To achieve the behavior modification the reasoning layer should be able to detect the changes or fault in the character behavior’s, for this the authors (developers) have to specify contracts about long-term character behavior and when this contract is violated the reasoning layer accesses the library and modifies or makes corrections to the predefined library. This can be achieved on the basic of an Emotion model. Emotion values serves as representation of long term behavior’s. The author specifies personality specific constraints on behavior by specifying nominal bounds for emotional values. During runtime a characters emotional state is incremented when specific behavior, annotated by the author succeeds or fails. When the emotion value exceeds the predefined level the reasoning layer detects and makes a blame assignment and changes the library behavior. The emotion increment value per behavior is defined by the author as part of specifying the character personality.

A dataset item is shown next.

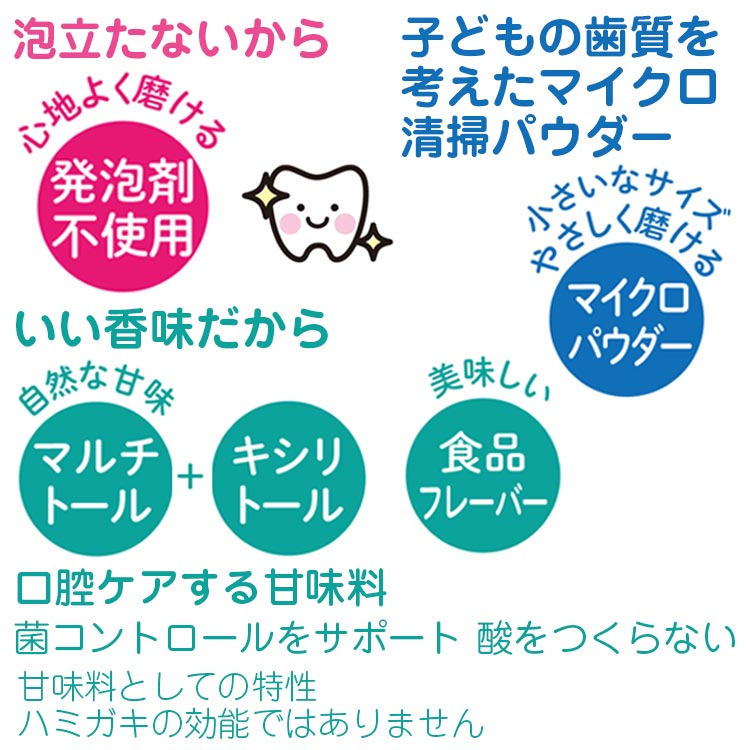 商品情報 発泡剤不使用で子どもの大好きな香味。磨いたときに違和感の少ないことが魅力です。子どもの歯質を考えたやさしく磨けるマイクロ清掃パウダーを採用し、口腔ケアする甘味料のキシリトールを配合。口に入れるものだから食品にも使われる成分で処方し、着色料や保存料は無添加。控えめな清涼感です。 エスケー石鹸 あわだたないこどもハミガキ ぶどう香味

Another requirement on the reasoning module is to determine the behavior that should be changed in response to a violation of the personality contract. This blame assignment process involves analyzing the past execution trace and identifying the behavior with the maximal contribution to the out of bound emotion value, amortized over time, as the responsible behavior.
Once the reasoning module has detected the behavior that need to be modified, the behavior’s are modified using a set of modification operators. The applicability of a modification operator depends on the role the problematic behavior plays in the execution trace, that is, an explanation of how the problematic behavior contributed to a contract violation. Thus, modification operators are categorized according to failure patterns. The failure patterns provide an abstraction mechanism over the execution trace to detect the type of failure that is taking place. On an implementation level, these failure patterns are encoded loosely as finite state machines that look for patterns in the execution trace.

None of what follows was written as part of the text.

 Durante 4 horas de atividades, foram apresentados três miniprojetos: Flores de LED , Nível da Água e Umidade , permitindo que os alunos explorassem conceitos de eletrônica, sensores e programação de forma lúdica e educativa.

At runtime, the system detects when the author-provided behavior contract has been violated. Once blame assignment has determined the offending behavior, the system uses the failure patterns to explain the behavior’s role in the contract violation. This involves matching each of the finite state machines associated with the failure pattern against the execution trace. The set of matching failure patterns provide an associated set of applicable behavior modification operators to try on the offending behavior. Operators are tried one at a time until one succeeds. The modified behavior is compiled and reloaded into the agent, allowing the game to continue.
Conclusion
The main aim of this blog is to bring forward the challenges of incorporating AI techniques in computer games and a behavior transformation system that can be used to incorporate AI techniques in computer games.
Applying AI technique models into computer games makes the game play experience more immersive though it is difficult to develop.
The next revolution in gaming industry after audio video presentation and networking capabilities will be AI based techniques that can achieve the goal of adaptive gaming. To achieve this goal the gaming industry need new approaches and tools that helps in incorporating AI in games.